Araiza failed to sign the bond he submitted as bid security to comply with the Invitation to Bid. Appellants argue that a fact question exists as to whether the absence of Araiza's signature on the bid bond rendered the bond unenforceable. We disagree. The bond bound Araiza and Integon in the amount of the bond, jointly and severally, .to pay the State 5% of the bid amount unless Araiza entered into a contract with Los Lunas Correctional Facility on the terms stated in his bid and furnished the requisite performance and payment bonds covering the contract.
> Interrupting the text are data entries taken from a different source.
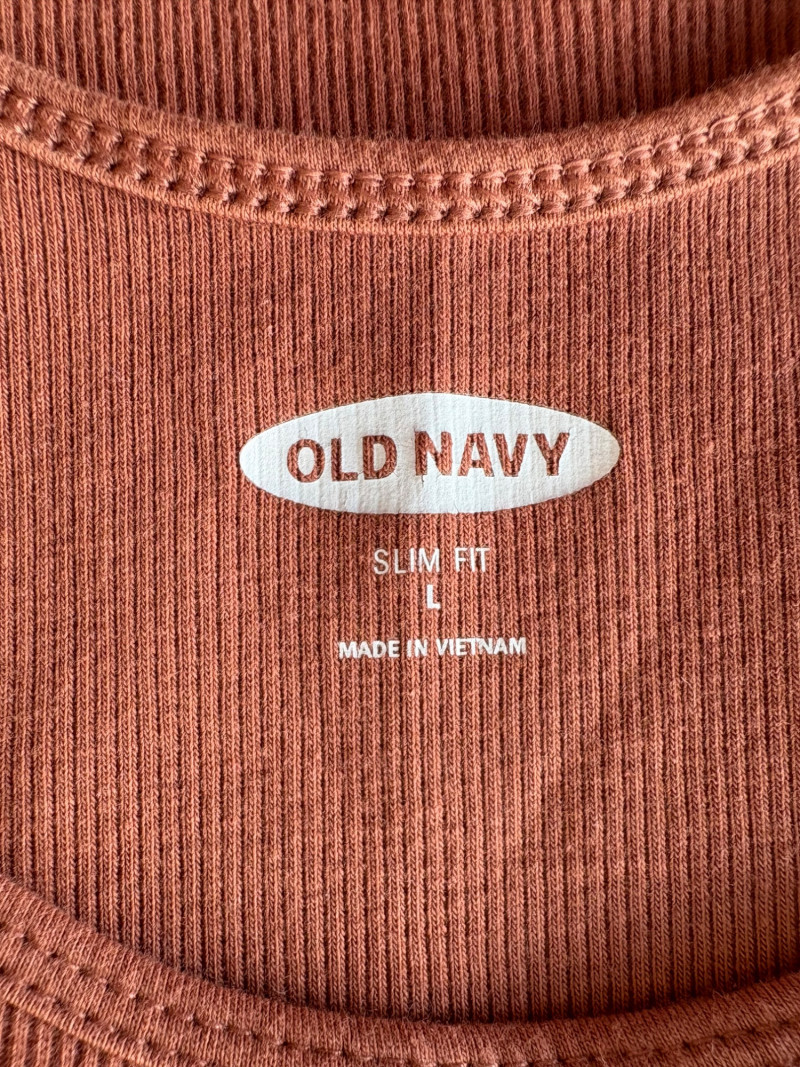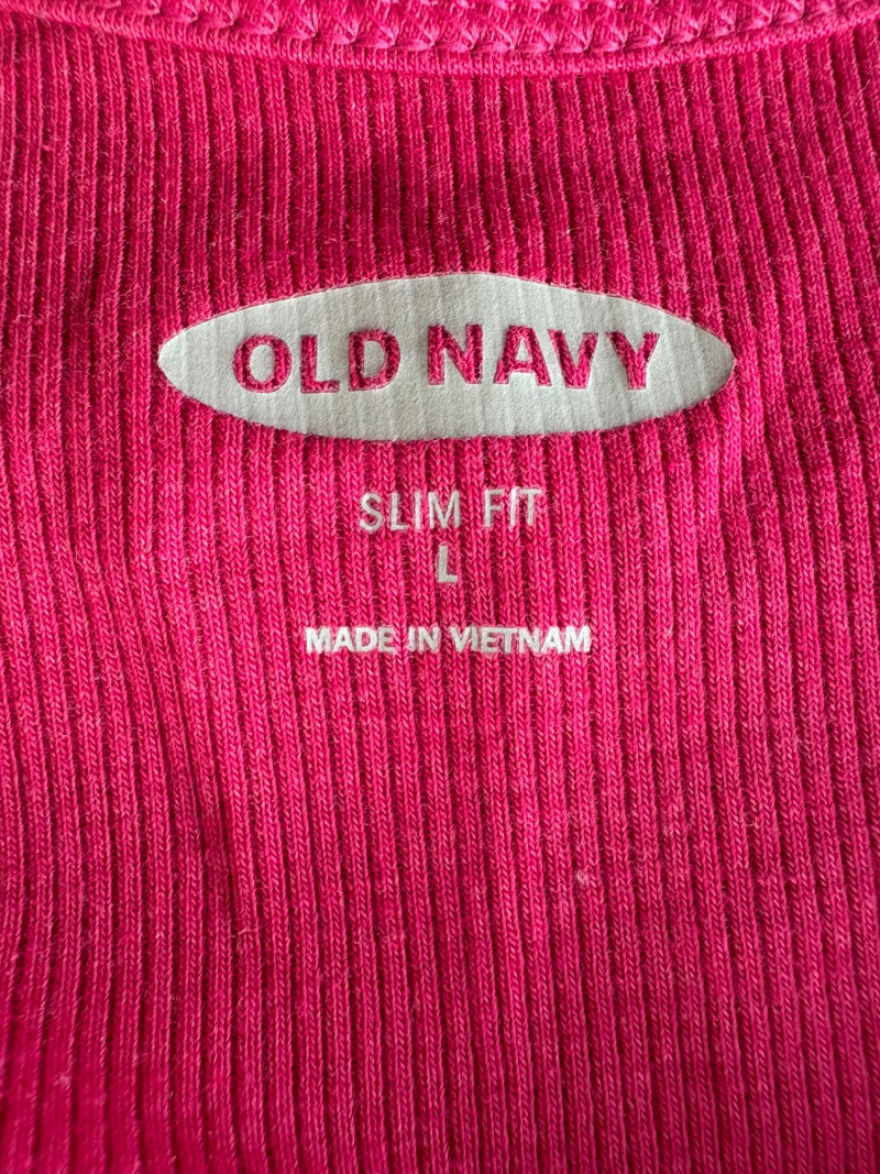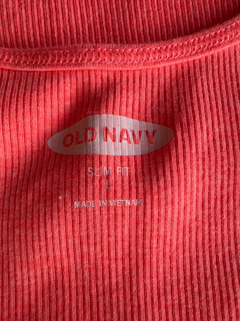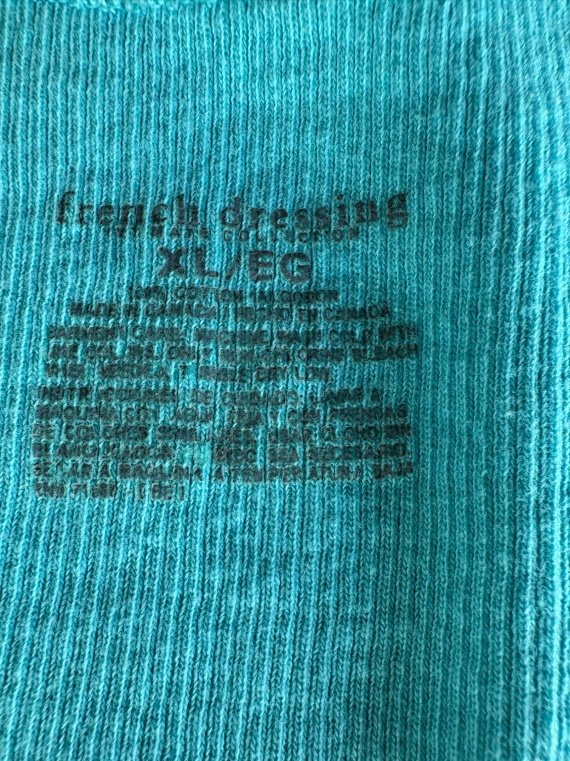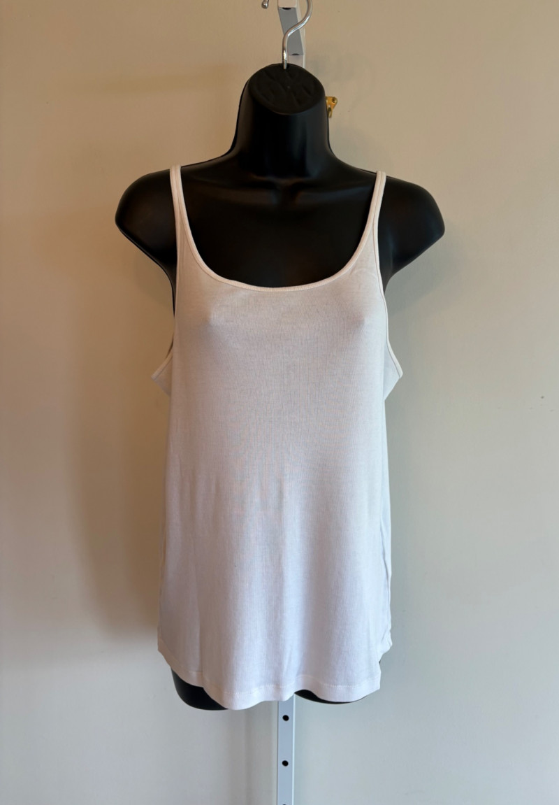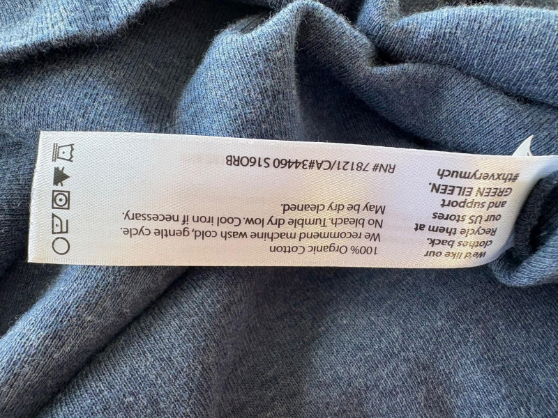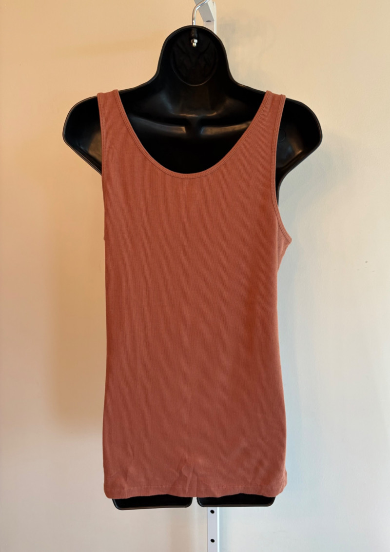 6 tanks in various fibers from Old Navy, French Dressing, & Eileen Fisher. All are in good used condition. Dark pink, puce, and light brown tanks from Old Navy measure 16" pit to pit and 26" or so in length from shoulder strap to hem. 57% cotton with 38% polyester and 5% spandex. All are size L. Light blue tank from French Dressing measures 15" pit to pit and 22" from shoulder strap to hem. 100% cotton. Size tag says XL. White tank from Eileen Fisher measures 16.5" pit to pit and 24" from shoulder strap to hem.. (While it is still in good used condition, it is the most used of the group.) 100% organic cotton. Size tag says PL. Blue Eileen Fisher tank measures 16.5" pit to pit and 26" from shoulder strap to hem. 100% cotton. Size tag says L.
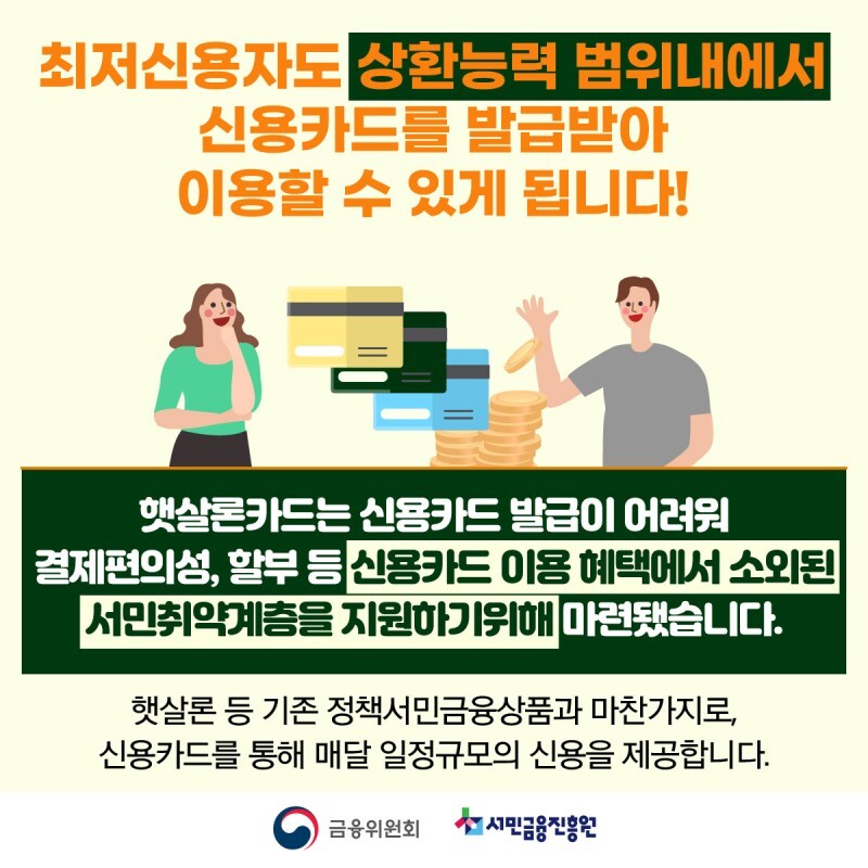 햇살론카드는 신용카드 발급이 어려워 결제편의성, 할부 등 신용카드 이용 혜택에서 소외된 서민취약계층을 지원하기위해 마련되었으며, 최저신용자도 상환능력 범위내에서 신용카드를 발급받아 이용할 수 있습니다.
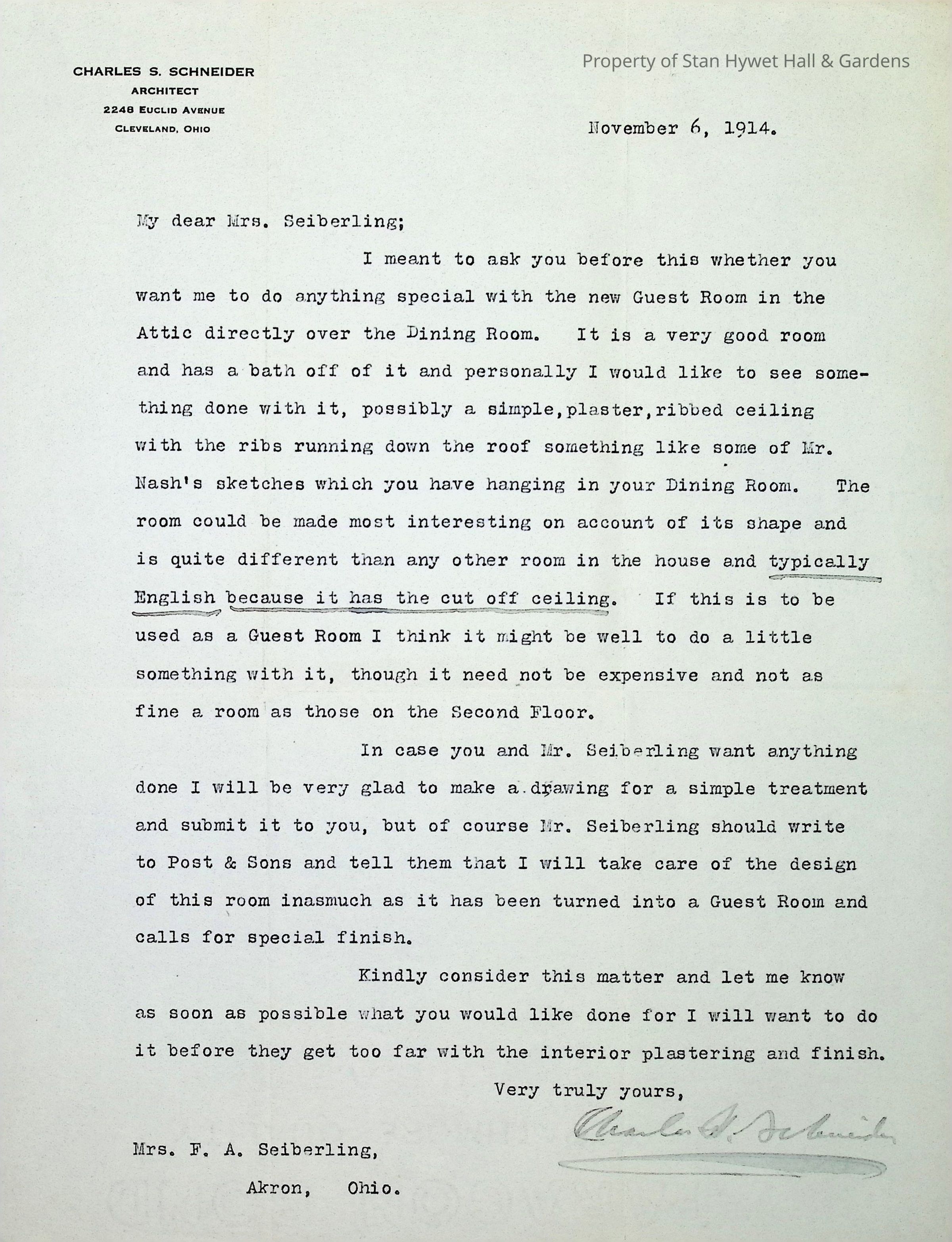 Typewritten letter from architect Charles S. Schneider to Gertrude Seiberling requesting how the ceiling in the "new Guest Room in the Attic directly over the Dining Room" should be finished and advising Mr. Seiberling to advise Post & Sons that this room is now under his purview since it was changed from a service area to a guest room. Written on Schneider's letterhead and signed in pencil.Subject
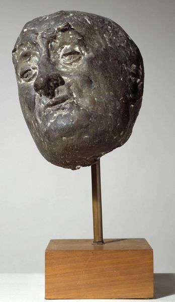 Editor: This is Sir Eduardo Paolozzi's 'Mr Cruikshank,' a bronze sculpture in the Tate collection. The smooth surface and simplified features give it a somewhat futuristic yet ancient feel. What do you make of its form? Curator: The sculpture presents a fascinating interplay of geometric forms. Note how the head is constructed from distinct planes, almost like an assemblage. This fragmentation disrupts the conventional representation of the human face. Editor: So, the planes aren't just a stylistic choice, but a way to deconstruct the human form itself? Curator: Precisely. Consider how the artist employs line and surface to create a tension between abstraction and representation. The materiality of the bronze, its color and texture, further emphasize this formal contrast. What is the overall effect? Editor: I see. The planes and the bronze, along with the simplified expression, all come together to create a sense of timelessness and dehumanization. Thank you!
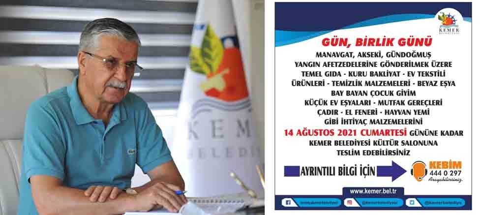 Kemer Belediyesi “Gün, birlik günü” adı altında Manavgat, Akseki ve Gündoğmuş’ta Orman yangını ile zarar gören afetzedeler için bir yardım kampanyası başlattı.
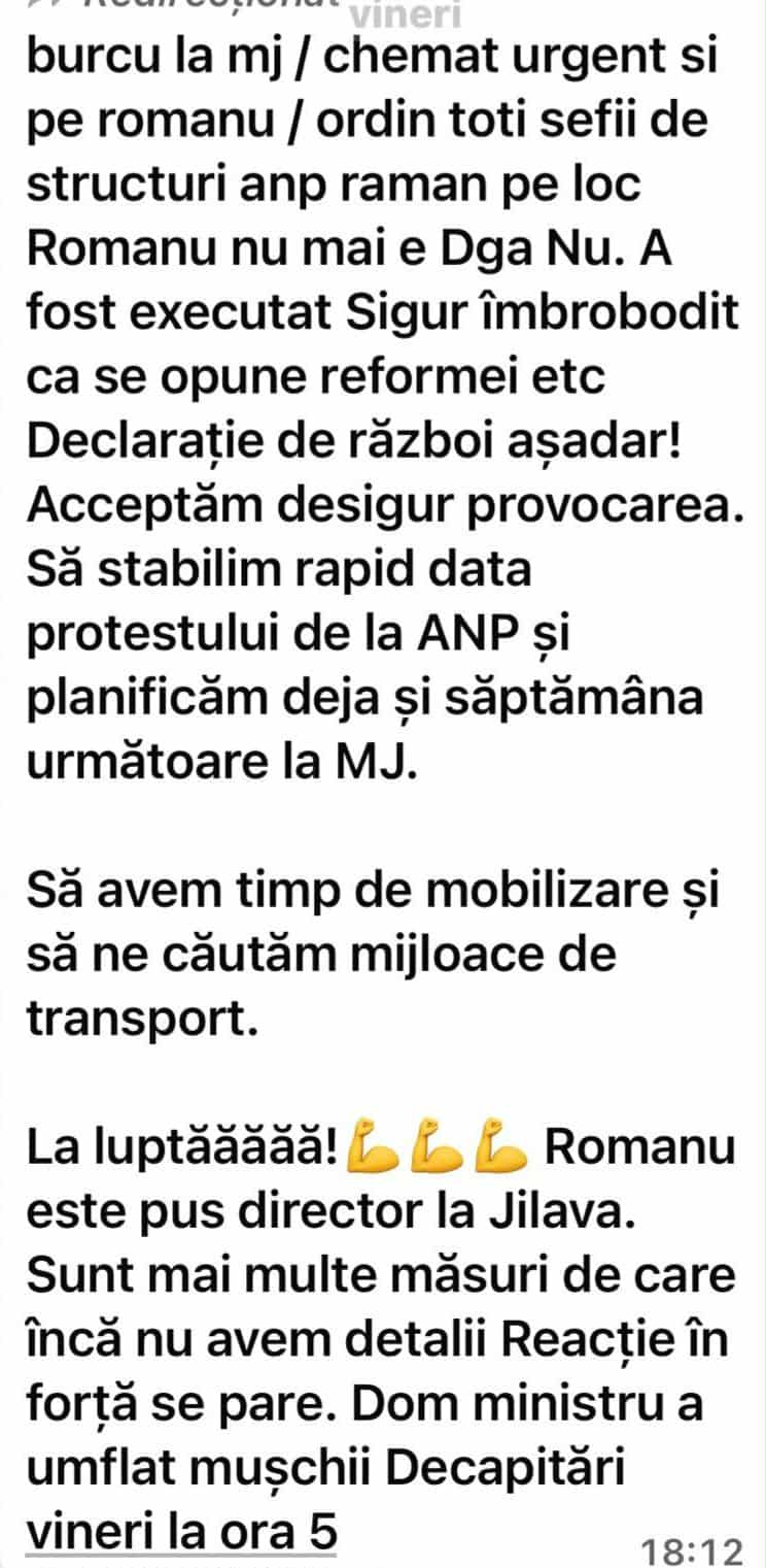 Între timp, pe grupurile de WhatsApp ale Sindicatului Național al Polițiștilor de Penitenciare (SNPP), condus cu o mână de fier de Ștefan Teoroc, soțul „Baroanei”, se dezlănțuie iadul. Mesaje apocaliptice anunță războiul: „Ministrul Justiției și directorul general ne declară război!”. Tonul este unul isteric, demn de o telenovelă turcească, cu amenințări voalate și acuzații grave. Se pare că „familia” se simte atacată direct, iar războiul personal s-a transformat într-un linșaj public, cu jigniri, insulte și calomnii la adresa directorului general Burcu.
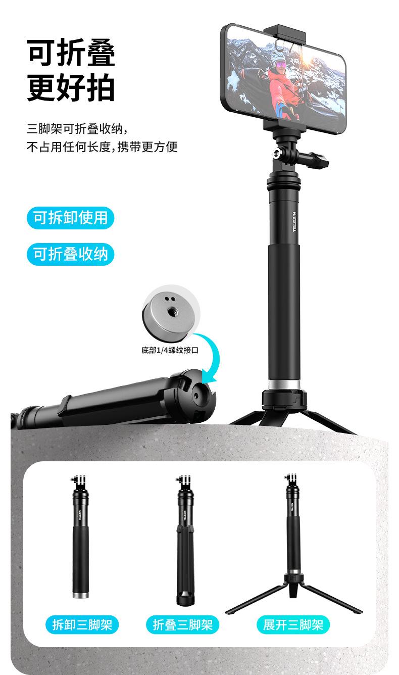 Palo selfie de aleación de aluminio en caja TELESIN nuevo y mejorado
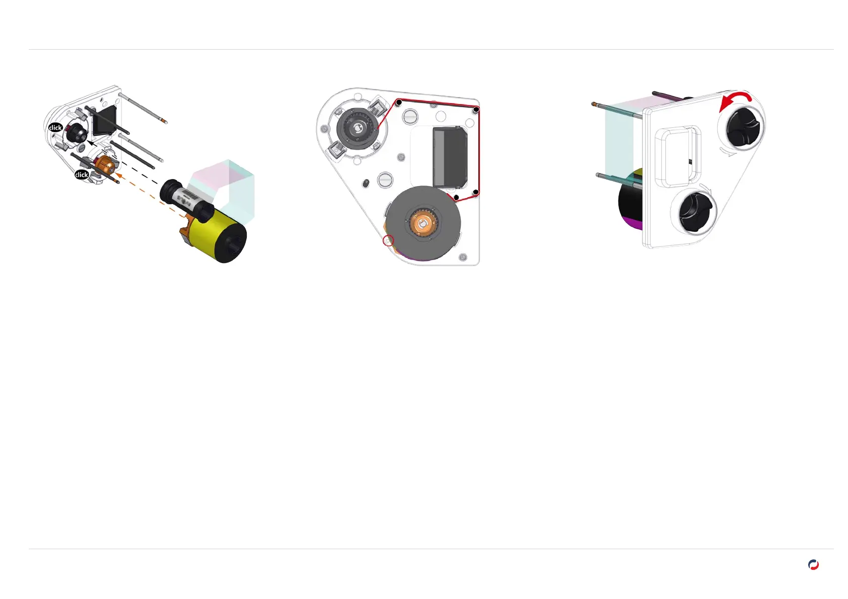 5. Insert the start (full) roll of the ribbon on the orange spindle. The ribbon unwinds upward. A
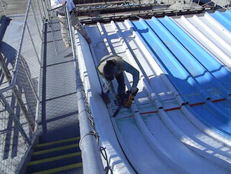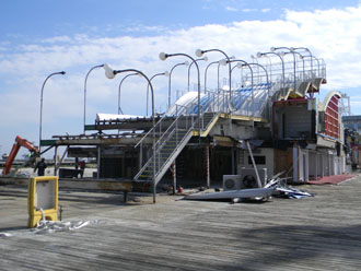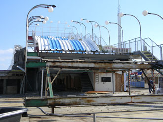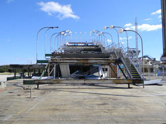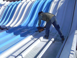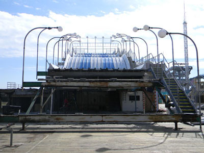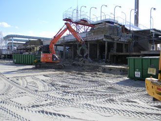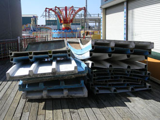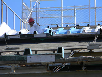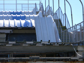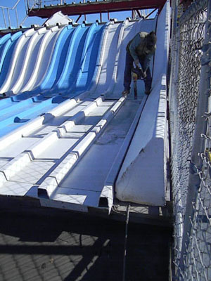 Dave of Garden State Dredging and Excavating, Inc., cuts away the fiberglass slide panels. Smaller sections of the slide are being sold for $50 with proceeds being donated to the International Association of Amusement Parks and Attractions archive preservation fund. |
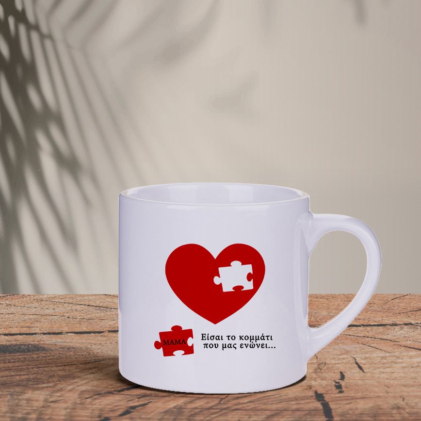 Η κούπα Είσαι το κομμάτι που μας ενώνει είναι ένας τρυφερός τρόπος να δείξετε στη μαμά σας πόσο πολύτιμη είναι για την οικογένεια!

The State argues that the absence of the signature did not affect the validity of the bond. We approve the rule which provides that the failure of the principal to sign a bond or similar undertaking does not render the bond unenforceable absent a showing that the surety's obligation was in some way conditioned upon the signature of the principal. Johnson v. Gray, 75 N.M. 726, 729, 410 P.2d 948, 950 (1966). The State was not put on notice to make further inquiry because Araiza's signature was missing from the bond. Integon has not shown that its obligation as surety on the bond was conditioned upon the signature of the principal and Integon's obligation on the bond is not in dispute otherwise. There are no factual issues in dispute here. The question is one of law which the trial court correctly decided. We note that the appellants' citations to M.J. O'Fallon Supply Co. v. Tagliaferro, 29 N.M. 562, 224 P. 394 (1924) and Hendry v. Cartwright, 14 N.M. 72, 89 P. 309 (1907) are misleading in that those cases involved the absence of the surety's signature on the bond in contrast to the present case in which the principal's signature is missing.
The trial court's award of summary judgment was proper and we affirm.
IT IS SO ORDERED.
SOSA, Senior Justice, and RANSOM, J., concur.